A tiny, deterministic entity extractor for TypeScript.
Extract structured data, render rich highlights, and redact PII from free-form text β€” no ML, no network calls.

CI JSR MIT license Playground

import { Duckling, PIIParsers } from "@claudiu-ceia/ts-duckling";

// Extract structured entities from a chat message
const entities = Duckling().extract(
  "Hey! Meet me at Times Square tomorrow at 3pm.

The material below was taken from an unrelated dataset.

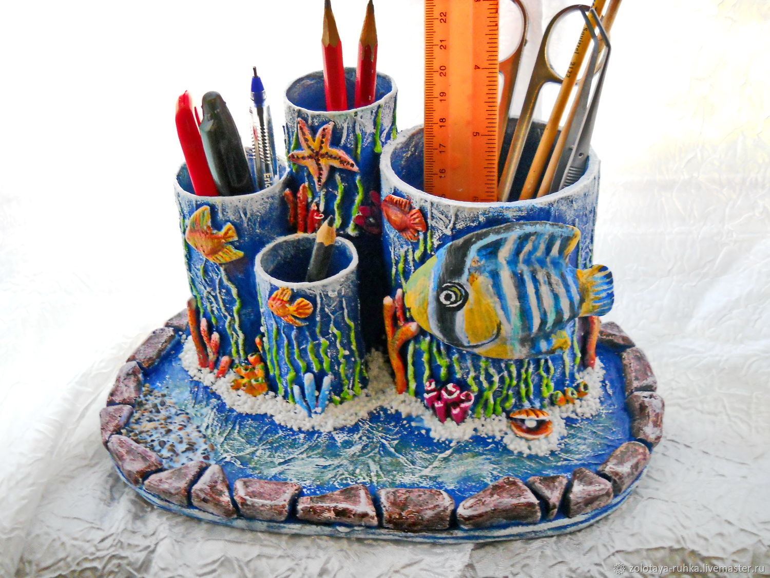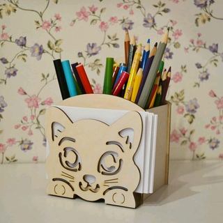 Их можно сделать из спила, брусочка, бревна, фанеры, палочек от мороженого, веточек и т. д. Материал для декорирования также разнообразный. Например, краска или наклейки для декупажа и более необычные варианты вроде шерстяных носков. Подставки из дерева получаются красивыми, устойчивыми, долговечными. Они красиво смотрятся не только на письменном столе ребенка, но украсят собой даже рабочий стол взрослого человека.

My email is alex@company.io",
);
// β†’ [{ kind: "location", text: "Times Square", ... },
//    { kind: "time",     text: "tomorrow at 3pm", ... },
//    { kind: "email",    text: "alex@company.io", ... }]

// Redact PII in one line
Duckling(PIIParsers).redact(
  "Contact alex@company.io, SSN 078-05-1120, or call +14155552671",
);
// β†’ "Contact β–ˆβ–ˆβ–ˆβ–ˆβ–ˆβ–ˆβ–ˆβ–ˆβ–ˆβ–ˆβ–ˆβ–ˆβ–ˆβ–ˆβ–ˆβ–ˆβ–ˆβ–ˆ, SSN β–ˆβ–ˆβ–ˆβ–ˆβ–ˆβ–ˆβ–ˆβ–ˆβ–ˆβ–ˆβ–ˆ, or call β–ˆβ–ˆβ–ˆβ–ˆβ–ˆβ–ˆβ–ˆβ–ˆβ–ˆβ–ˆβ–ˆβ–ˆ"

Overview

ts-duckling uses parser combinator grammars (no ML models, no HTTP) to extract structured entities from text. Inspired by Facebook’s duckling, but built in pure TypeScript and running anywhere β€” Deno, Node, or the browser.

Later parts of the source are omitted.